» **What is being asked**: Under this line are the records; repeat exactly the lines starting at the one containing "- Diferencial: Roupeiro" and ending at the one containing "1、初次打开后,点击底部导航", omitting pictures.

» **Dataset entries**:
-------
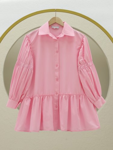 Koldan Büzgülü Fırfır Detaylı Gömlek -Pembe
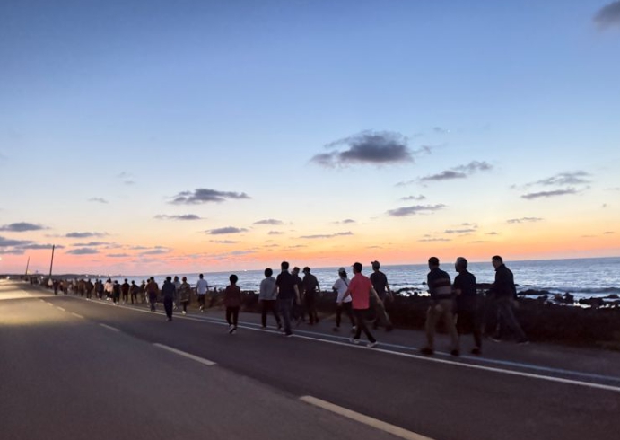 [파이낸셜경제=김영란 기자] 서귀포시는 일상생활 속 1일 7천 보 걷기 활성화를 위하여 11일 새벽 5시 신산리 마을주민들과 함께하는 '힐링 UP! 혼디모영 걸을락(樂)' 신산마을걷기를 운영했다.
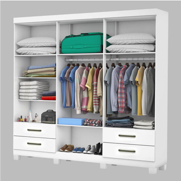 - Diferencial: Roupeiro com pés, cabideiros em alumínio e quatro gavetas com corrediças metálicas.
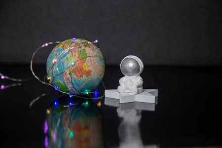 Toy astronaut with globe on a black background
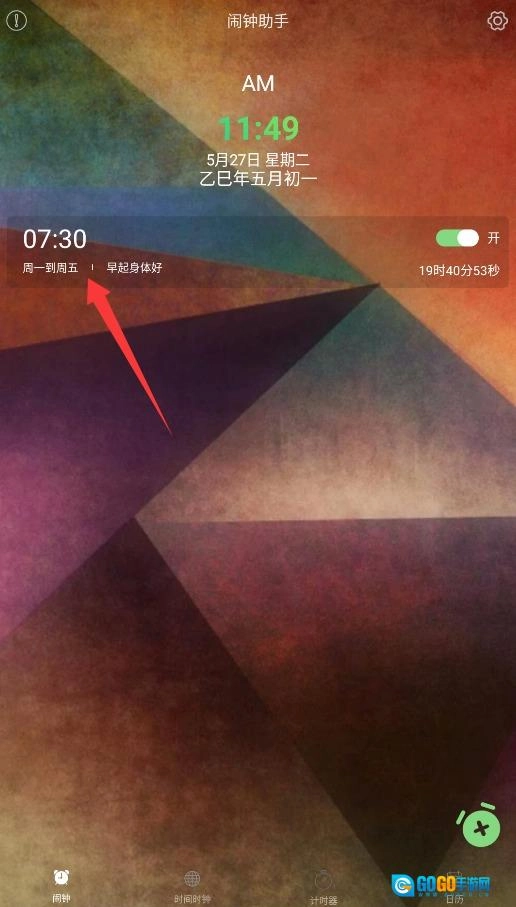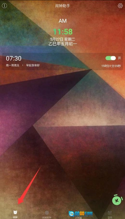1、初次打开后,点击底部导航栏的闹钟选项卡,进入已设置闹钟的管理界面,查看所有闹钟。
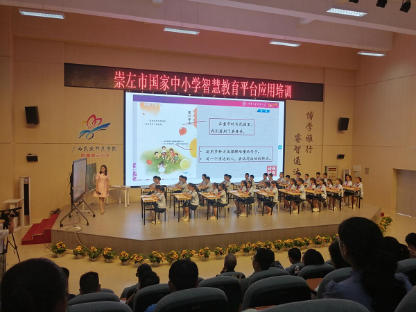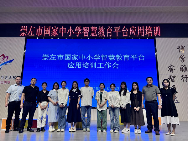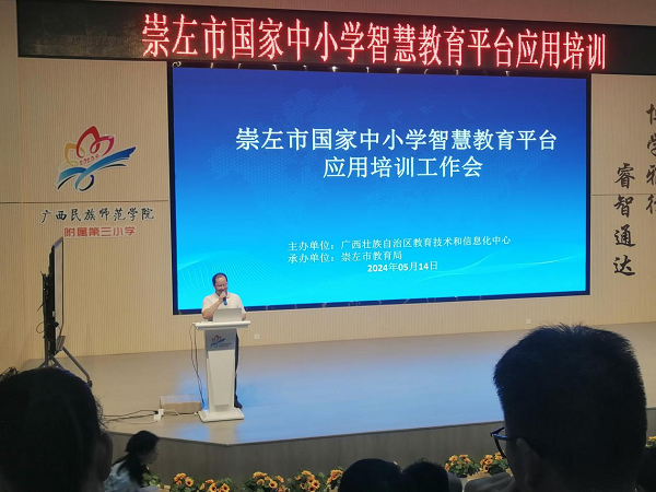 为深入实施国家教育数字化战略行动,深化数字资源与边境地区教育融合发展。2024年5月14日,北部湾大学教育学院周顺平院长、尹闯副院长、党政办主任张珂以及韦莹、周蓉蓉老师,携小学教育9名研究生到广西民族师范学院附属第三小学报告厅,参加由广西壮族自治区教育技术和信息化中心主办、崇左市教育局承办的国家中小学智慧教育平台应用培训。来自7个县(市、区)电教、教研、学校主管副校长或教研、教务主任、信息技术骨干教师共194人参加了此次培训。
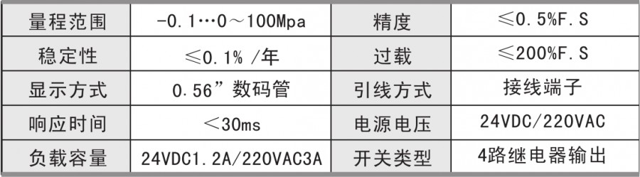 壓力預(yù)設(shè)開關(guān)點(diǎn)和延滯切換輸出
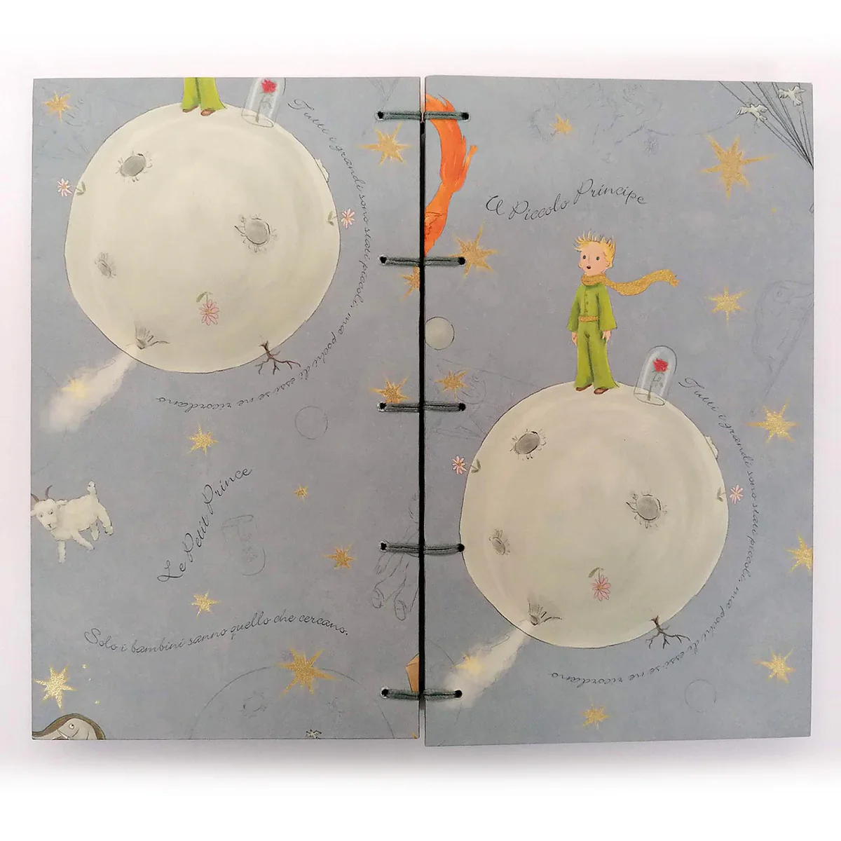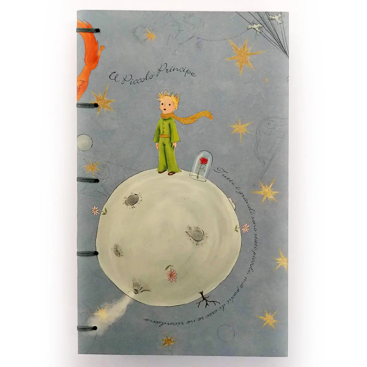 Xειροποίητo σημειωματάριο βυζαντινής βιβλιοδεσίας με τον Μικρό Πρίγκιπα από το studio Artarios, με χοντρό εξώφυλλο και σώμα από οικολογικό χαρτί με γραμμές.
-------
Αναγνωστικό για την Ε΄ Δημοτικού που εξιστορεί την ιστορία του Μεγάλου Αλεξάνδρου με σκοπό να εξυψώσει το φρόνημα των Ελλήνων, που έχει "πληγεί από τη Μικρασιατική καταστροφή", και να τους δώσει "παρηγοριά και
-------
» **Problem solution**:
 - Diferencial: Roupeiro com pés, cabideiros em alumínio e quatro gavetas com corrediças metálicas.
 Toy astronaut with globe on a black background
1、初次打开后,点击底部导航栏的闹钟选项卡,进入已设置闹钟的管理界面,查看所有闹钟。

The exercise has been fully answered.